Отыграв, композитор какое-то время ещё продолжал сидеть на корточках, уставившись в небрежно раздвинутые клавиши. Затем он разом исчезал, не оставляя после себя ни слабой памяти, ни задержавшегося в гостином воздухе остатка торжественного звучания музыки великих. Через какое-то время Моисей просыпался, по обыкновению рано, и всякий раз при пробуждении повторялась одна и та же картина – он лихорадочно пытался вспомнить хотя бы один содержательный кусочек мгновенно улетучившегося сна, но из каждого такого сновидения ему удавалось выскрести лишь то, что отмороженный убийца, он же посланник кривых небес, – сам он и есть. И что прощения за содеянное нет и быть для него не может, несмотря ни на какую неслучайную близость к Елоховскому собору. Потому что, если там кто-то имеется, в смысле наверху, в том самом пределе, куда не дотягиваются кровяные молекулы его железистых антенн, то оно по-любому должно было остановить его руку, не дав спустить курок. Как-то так. Или около того.

17

Незадолго до девятого мая объявился старшина Фортунатов. Позвонив, первым делом справился о здоровье крестника, о котором всё это время почему-то не вспоминал, хотя пару раз пересекался с завкафедрой Дворкиным в преподавательском буфете. По завершении дежурных слов на той же бодрой ноте поинтересовался главным:

– Ну что, капитан, идём брусчатку топтать девятого или как?

– Коленька, дорогой мой, разумеется, идём, разве это возможно, чтобы не пойти в такой день на Красную площадь?

Однако ни сам он, ни тем более Коля-старшина на праздник не попали.
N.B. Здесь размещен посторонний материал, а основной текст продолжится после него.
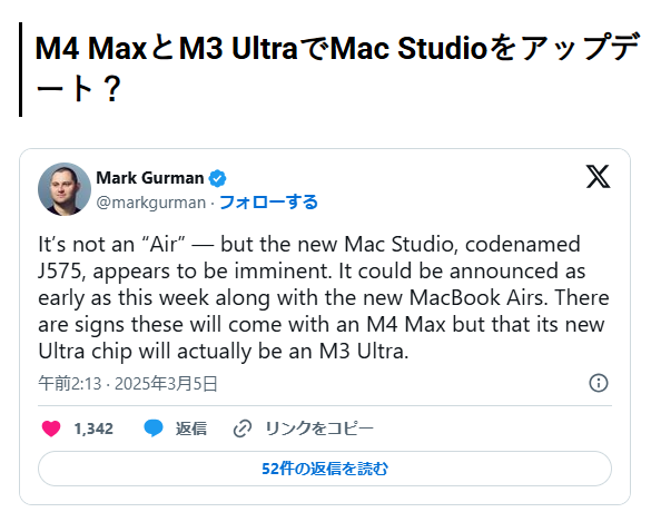 しかも、ガーマン氏のリーク通り、M4 MaxとM3 Ultraの2ラインナップだ!
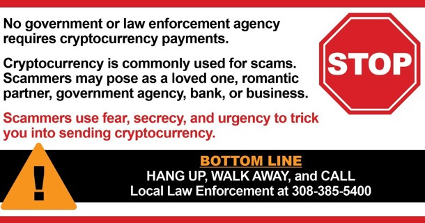 On Friday, December 19, AARP Nebraska Fraud Fighter volunteers will meet with GIPD officers at 10 a.m. at the Law Enforcement Center. From there, volunteers and officers will split into two groups to visit four business locations that have cryptocurrency kiosks.
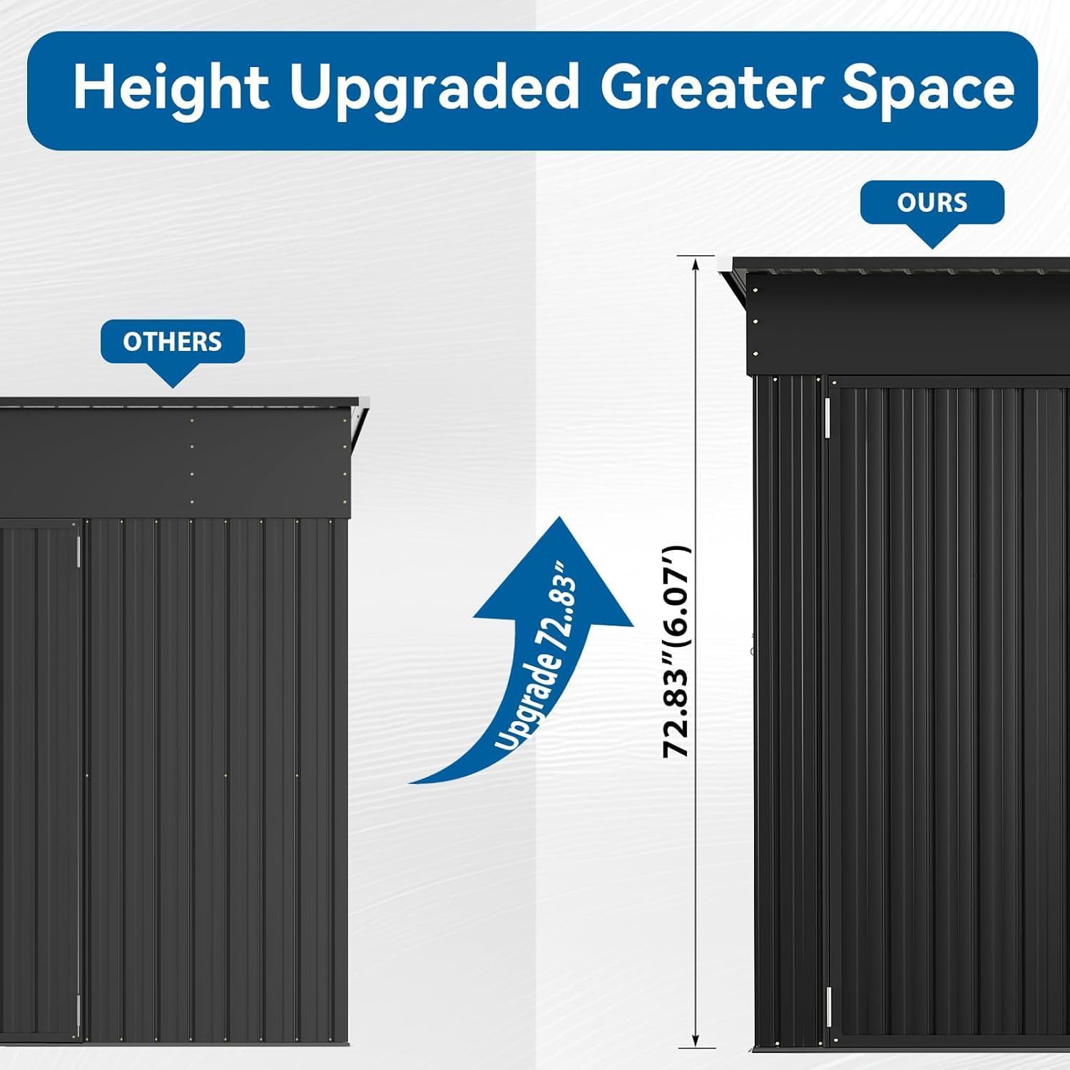 Details: 7.5'x4' Shed Galvanized Steel Storage Sheds with Triple Doors Weatherproof Outdoor Utility Sheds, Dual Lock Lean to Shed with Sloped Roof for Mower, Bike, Generator, Garden Tools (Black)
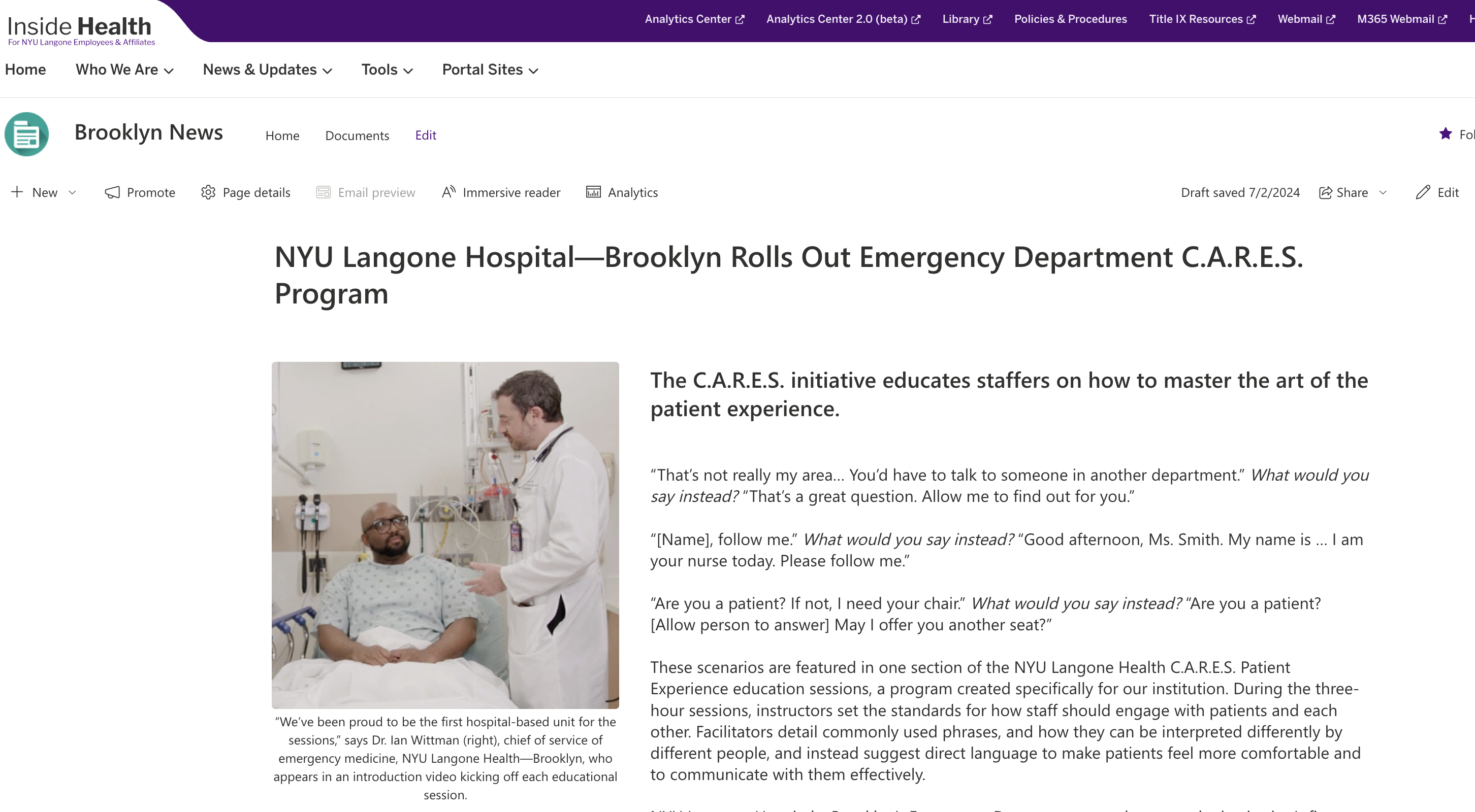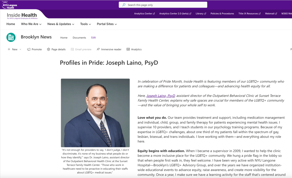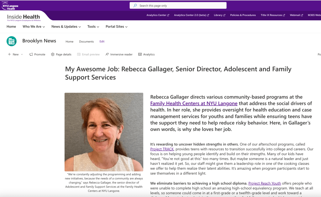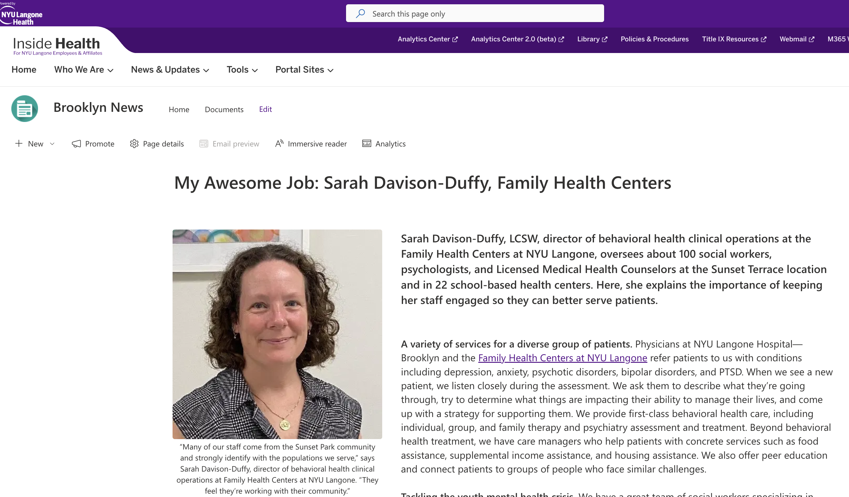 NYU Langone Health — Mental Health stories Click on the below examples to read the full offerings… Click to read profile of LCSW Sarah Davison-Duffy Read Pride profile of LGBTQ assistant director of Outpatient Behavioral Clinic Read profile of Rebecca Gallager, senior director of adolescent and family support services Click to read above story on telehealth stations bringing medical care of homeless shelters Click to read above feature on the Emergency Department’s C.A.R.E.S. program Share this: Click to share on X (Opens in new window) X Click to share on Facebook (Opens in new window) Facebook Like Loading...

Моисей Наумович так и не сумел пересилить себя и пойти, чтобы в этот горький день радоваться чему бы то ни было. Кадровик же, сотрудник Первого отдела Горного института Николай Павлович Фортунатов не смог явиться к точке полкового сбора в связи с внезапной кончиной. За два дня до того, как, начистив до сверкающего блеска ботинки гуталином и облачившись в «медальный» пиджак, совершив ежегодную пешую прогулку от квартиры в Армянском переулке до красноплощадной брусчатки, старшина лёг спать и больше не проснулся. Такое бывает лишь с хорошими, добрыми и практически беспорочными людьми, всей своей жизнью заслужившими быструю и немучительную смерть. Именно эта мысль была первой из тех, что обрушились на голову гвардии капитана Дворкина, когда он, набрав накануне Дня фортунатовский номер, чтобы договориться о завтрашней встрече у памятника Марксу, узнал о трагедии, пришедшейся на вчерашнее число.

Скорее всего, говорил с супругой. Узнав, кто на проводе, та, суховато представившись Раисой Валерьевной, на удивление будничным голосом сообщила о печальном факте. Судя по более чем рассудочному разговору, печаль ею ощущалась едва ли, и это несколько удивило Моисея Наумовича – сам-то он едва держался на ногах, настолько ошарашен был известием о смерти Гарькиного крёстного. Ей же сказал, что приедет сейчас же, и спросил адрес – больше ничего придумать не мог, не видел для себя прочего варианта, кроме как искренне предложить вдове доброго друга и просто хорошего человека посильную помощь, проявив неотложное участие.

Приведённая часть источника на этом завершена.